Abstract:Visual-textual correlations in the attention maps derived from text-to-image diffusion models are proven beneficial to dense visual prediction tasks, e.g., semantic segmentation. However, a significant challenge arises due to the input distributional discrepancy between the context-rich sentences used for image generation and the isolated class names typically employed in semantic segmentation, hindering the diffusion models from capturing accurate visual-textual correlations. To solve this, we propose InvSeg, a test-time prompt inversion method that tackles open-vocabulary semantic segmentation by inverting image-specific visual context into text prompt embedding space, leveraging structure information derived from the diffusion model's reconstruction process to enrich text prompts so as to associate each class with a structure-consistent mask. Specifically, we introduce Contrastive Soft Clustering (CSC) to align derived masks with the image's structure information, softly selecting anchors for each class and calculating weighted distances to push inner-class pixels closer while separating inter-class pixels, thereby ensuring mask distinction and internal consistency. By incorporating sample-specific context, InvSeg learns context-rich text prompts in embedding space and achieves accurate semantic alignment across modalities. Experiments show that InvSeg achieves state-of-the-art performance on the PASCAL VOC and Context datasets. Project page: <a class="link-external link-https" href="https://jylin8100.github.io/InvSegProject/" rel="external noopener nofollow">this https URL</a>.
What problem does this paper attempt to address?

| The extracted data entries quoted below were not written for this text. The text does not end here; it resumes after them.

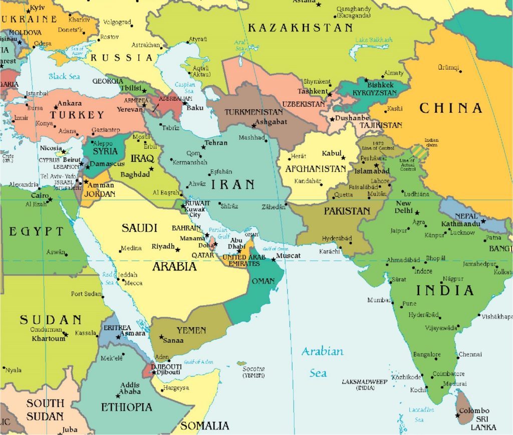 A current map showing the political borders of Israel and its nearest neighbors in the Arab world.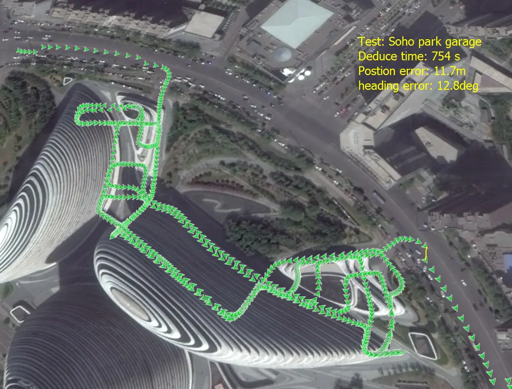 为验证有无陀螺仪动态零偏估计对DR方向和位置解算精度的影响,本项目采集了望京soho停车场的数据,经解算,效果如下。测试表明,经动态零偏补偿后,DR精度明显提高: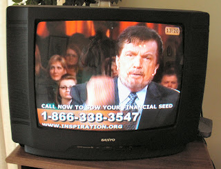 "Quickly, quickly", they say, "Don't even think about it. Get out your checkbooks, max out your credit cards if you have to (Yes, MAX them out!), send in your next mortgage payment--have faith that it will all return to you 10-fold, 100-fold, a THOUSAND-fold. Do it now! (Cue the tearing up, the catch in the voice. Say the word "MIRACLES" loudly, sharpen the S and hold it.)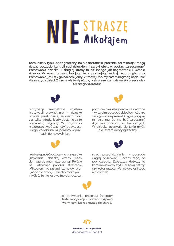 niedostępność rodzica – w przypadku „zbywania” dziecka, wtedy kiedy domaga się ono naszej uwagi. Pójście na „łatwiznę” poprzez straszenie Mikołajem nie zastąpi rozmowy i wyjaśnienie emocji. Dziecko może pomyśleć, że nie jest ważne dla rodzica.

The problem that this paper attempts to solve is the inaccurate visual - text association in Open - Vocabulary Semantic Segmentation (OVSS) due to the difference in input text distribution. Specifically:
1. **Difference in input text distribution**: When using diffusion models for image generation, rich - content sentences are usually used; while in semantic segmentation tasks, only isolated class names are usually used. This difference makes it difficult for diffusion models to capture accurate visual - text associations.
2. **Lack of sample - specific context**: Most existing methods use isolated class names as text prompts, ignoring the image - specific context information, which limits the performance of the model.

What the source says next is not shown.